# Aim of the exercise
Leaving out the images, return the data below exactly as it is written.

# Recorded data

[Start of Attachment]

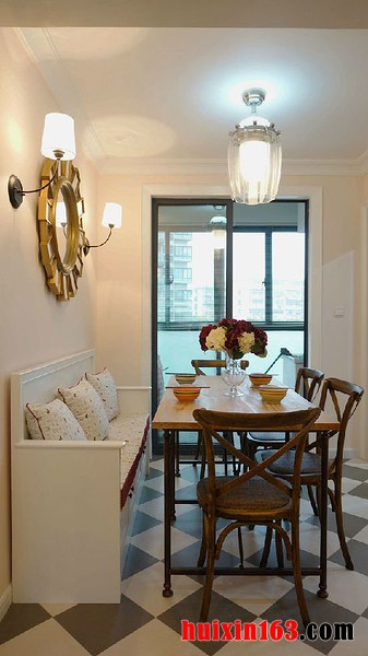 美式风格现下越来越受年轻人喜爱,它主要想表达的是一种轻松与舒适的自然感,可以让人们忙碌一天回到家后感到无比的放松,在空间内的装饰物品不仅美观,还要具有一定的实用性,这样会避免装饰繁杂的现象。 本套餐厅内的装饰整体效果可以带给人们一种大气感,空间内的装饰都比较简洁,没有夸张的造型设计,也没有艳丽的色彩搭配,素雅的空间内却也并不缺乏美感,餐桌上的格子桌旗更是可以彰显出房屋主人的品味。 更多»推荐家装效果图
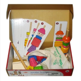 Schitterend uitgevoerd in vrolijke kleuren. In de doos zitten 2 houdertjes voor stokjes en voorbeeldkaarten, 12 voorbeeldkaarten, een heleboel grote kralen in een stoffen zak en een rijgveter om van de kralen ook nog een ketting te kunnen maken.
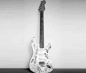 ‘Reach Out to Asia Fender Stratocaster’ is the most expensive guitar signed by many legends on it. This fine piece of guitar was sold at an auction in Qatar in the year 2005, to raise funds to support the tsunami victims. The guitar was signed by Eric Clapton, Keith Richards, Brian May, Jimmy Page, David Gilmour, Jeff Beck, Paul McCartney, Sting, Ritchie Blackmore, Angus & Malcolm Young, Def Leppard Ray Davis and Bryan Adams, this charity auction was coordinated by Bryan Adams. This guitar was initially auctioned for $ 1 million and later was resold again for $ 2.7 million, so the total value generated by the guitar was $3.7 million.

[End of Attachment]

# Response to the exercise
 美式风格现下越来越受年轻人喜爱,它主要想表达的是一种轻松与舒适的自然感,可以让人们忙碌一天回到家后感到无比的放松,在空间内的装饰物品不仅美观,还要具有一定的实用性,这样会避免装饰繁杂的现象。 本套餐厅内的装饰整体效果可以带给人们一种大气感,空间内的装饰都比较简洁,没有夸张的造型设计,也没有艳丽的色彩搭配,素雅的空间内却也并不缺乏美感,餐桌上的格子桌旗更是可以彰显出房屋主人的品味。 更多»推荐家装效果图
 Schitterend uitgevoerd in vrolijke kleuren. In de doos zitten 2 houdertjes voor stokjes en voorbeeldkaarten, 12 voorbeeldkaarten, een heleboel grote kralen in een stoffen zak en een rijgveter om van de kralen ook nog een ketting te kunnen maken.
 ‘Reach Out to Asia Fender Stratocaster’ is the most expensive guitar signed by many legends on it. This fine piece of guitar was sold at an auction in Qatar in the year 2005, to raise funds to support the tsunami victims. The guitar was signed by Eric Clapton, Keith Richards, Brian May, Jimmy Page, David Gilmour, Jeff Beck, Paul McCartney, Sting, Ritchie Blackmore, Angus & Malcolm Young, Def Leppard Ray Davis and Bryan Adams, this charity auction was coordinated by Bryan Adams. This guitar was initially auctioned for $ 1 million and later was resold again for $ 2.7 million, so the total value generated by the guitar was $3.7 million.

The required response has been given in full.